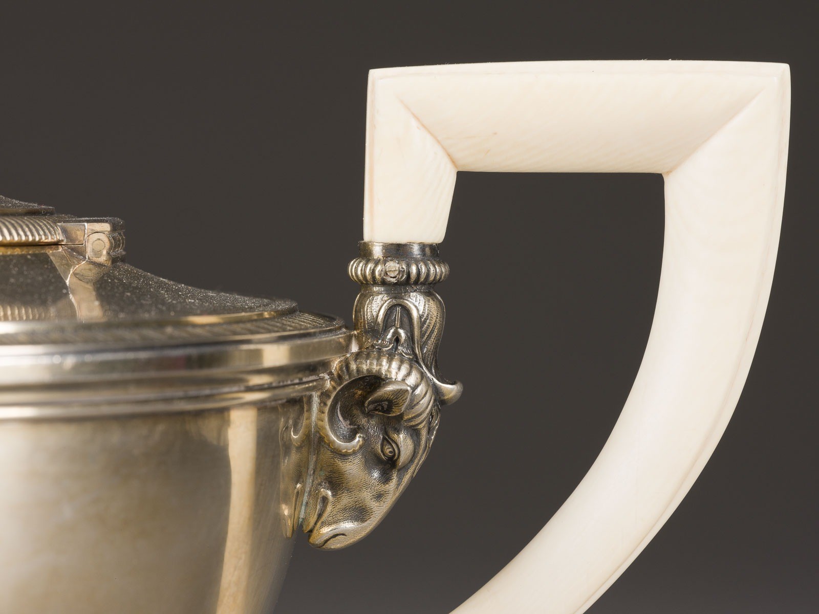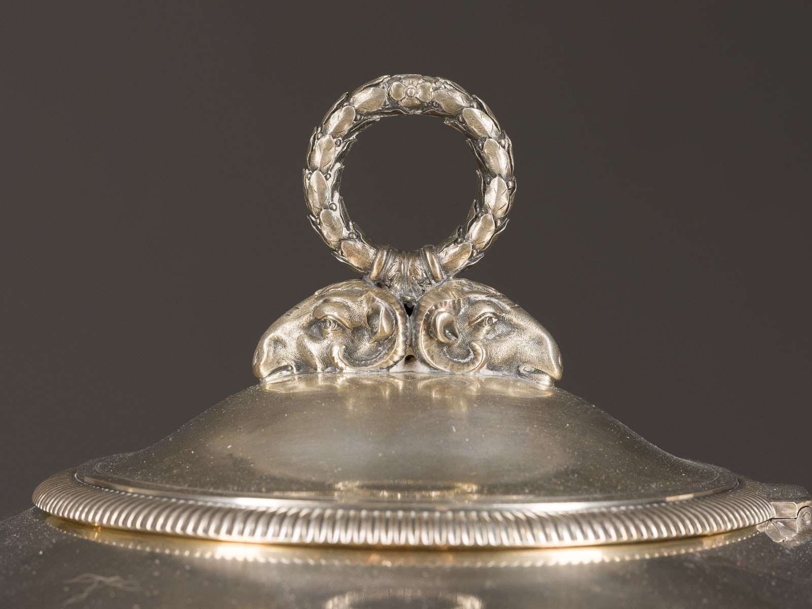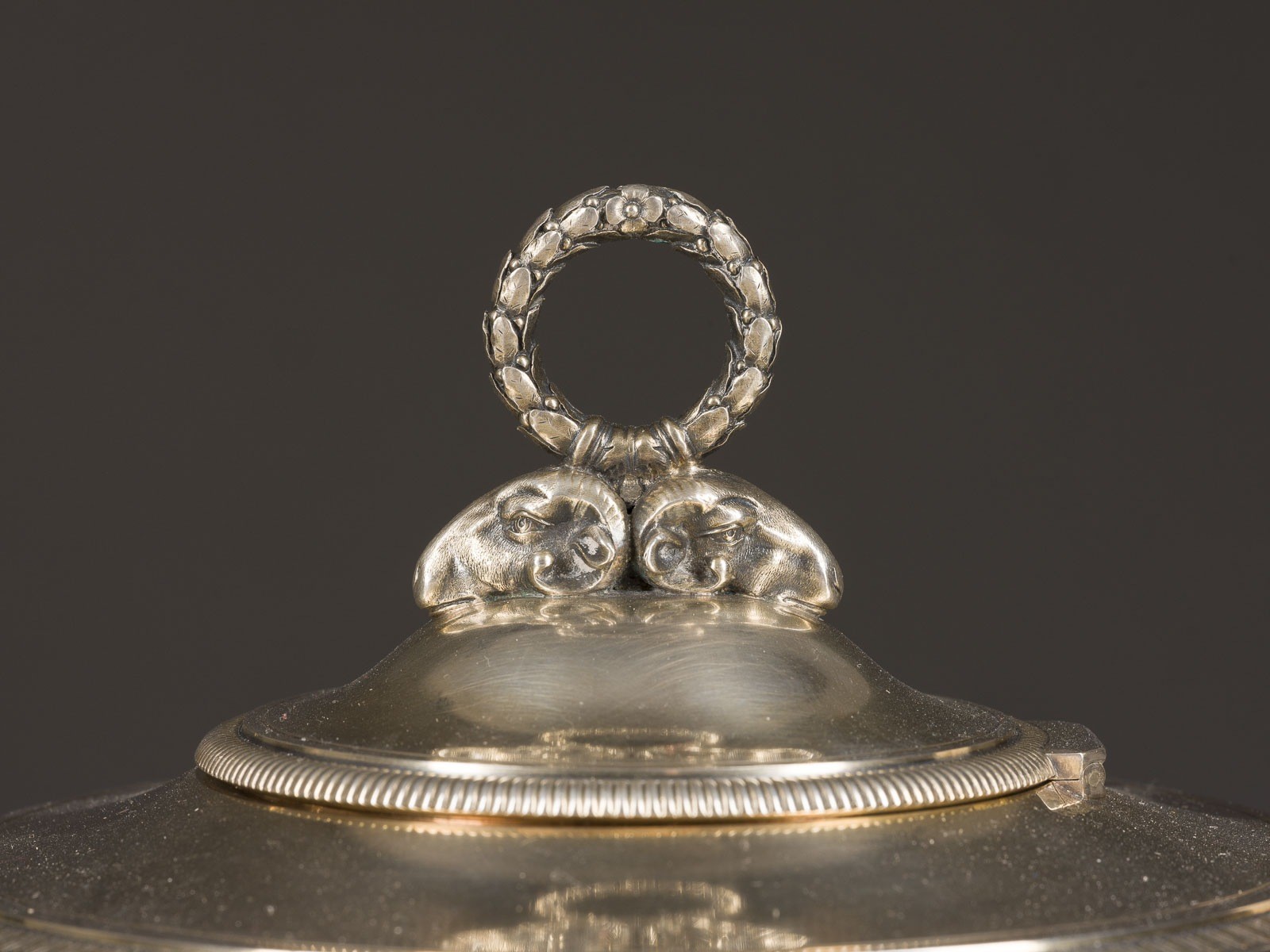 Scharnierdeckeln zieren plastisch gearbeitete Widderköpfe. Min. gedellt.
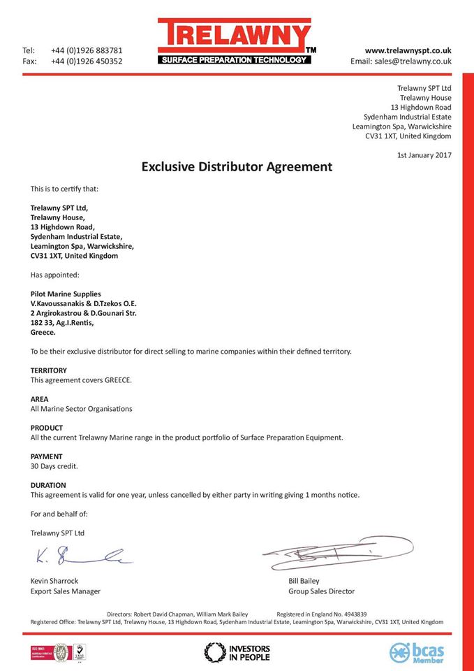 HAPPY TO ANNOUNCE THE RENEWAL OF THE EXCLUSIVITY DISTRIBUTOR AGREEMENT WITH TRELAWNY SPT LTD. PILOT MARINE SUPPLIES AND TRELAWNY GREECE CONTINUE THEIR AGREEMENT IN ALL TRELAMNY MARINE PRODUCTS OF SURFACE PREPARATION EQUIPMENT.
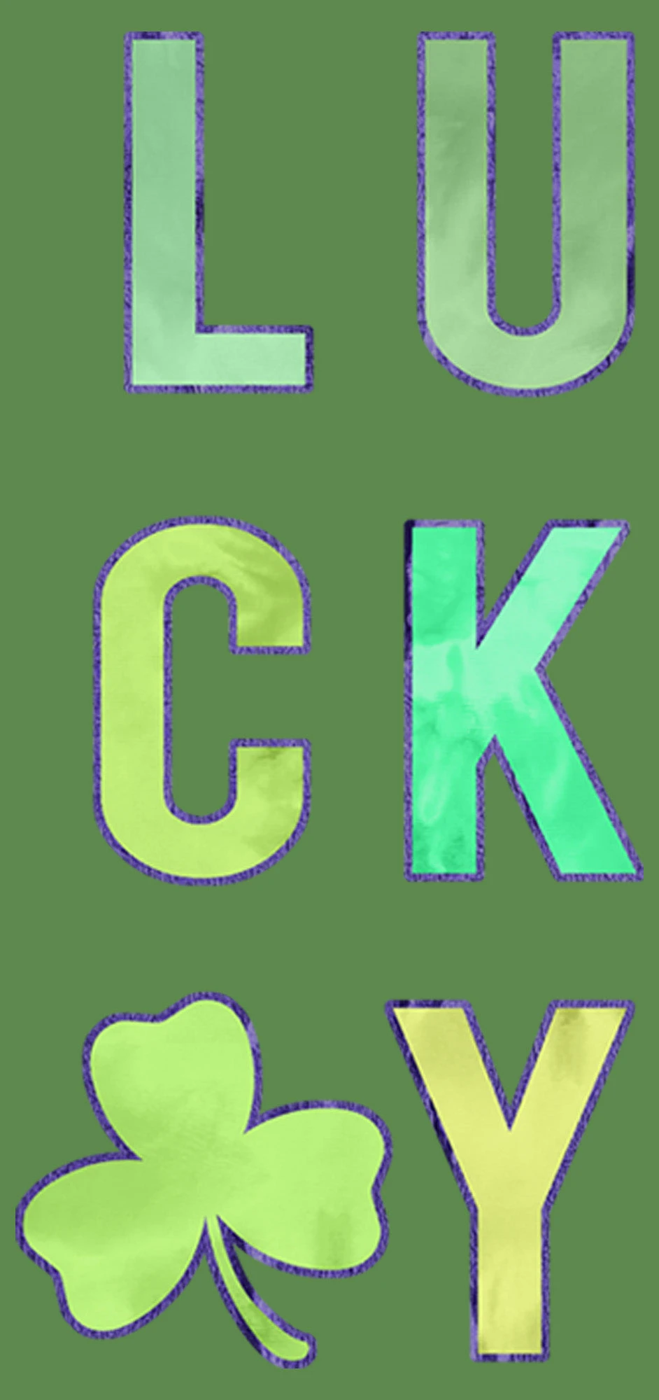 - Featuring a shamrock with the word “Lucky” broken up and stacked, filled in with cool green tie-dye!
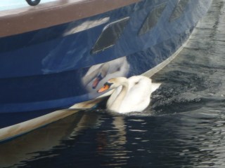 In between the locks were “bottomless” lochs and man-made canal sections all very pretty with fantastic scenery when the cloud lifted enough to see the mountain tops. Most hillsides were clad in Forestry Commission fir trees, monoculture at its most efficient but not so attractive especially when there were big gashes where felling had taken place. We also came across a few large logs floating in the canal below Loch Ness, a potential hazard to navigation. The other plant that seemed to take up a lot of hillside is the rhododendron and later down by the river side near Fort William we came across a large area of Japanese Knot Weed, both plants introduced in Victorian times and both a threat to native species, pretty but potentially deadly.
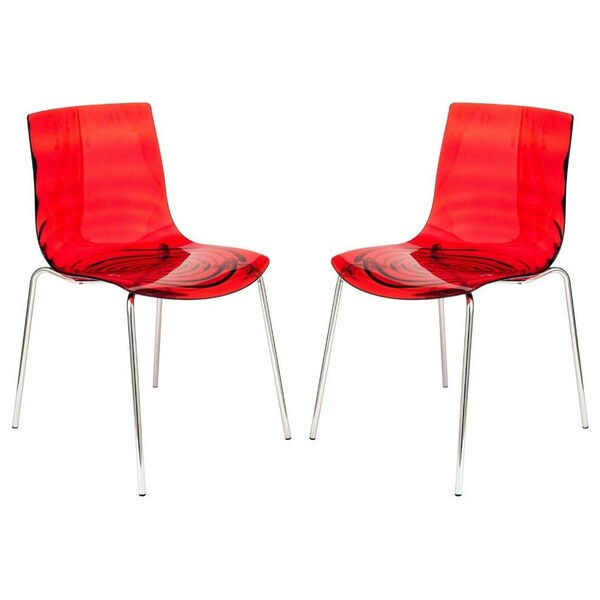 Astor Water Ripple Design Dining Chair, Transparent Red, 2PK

::::::

Using the entries above, reproduce word for word only the lines from the one that contains "HAPPY TO ANNOUNCE" to the one that contains "- Featuring a", both ends included, and drop every picture.

 HAPPY TO ANNOUNCE THE RENEWAL OF THE EXCLUSIVITY DISTRIBUTOR AGREEMENT WITH TRELAWNY SPT LTD. PILOT MARINE SUPPLIES AND TRELAWNY GREECE CONTINUE THEIR AGREEMENT IN ALL TRELAMNY MARINE PRODUCTS OF SURFACE PREPARATION EQUIPMENT.
 - Featuring a shamrock with the word “Lucky” broken up and stacked, filled in with cool green tie-dye!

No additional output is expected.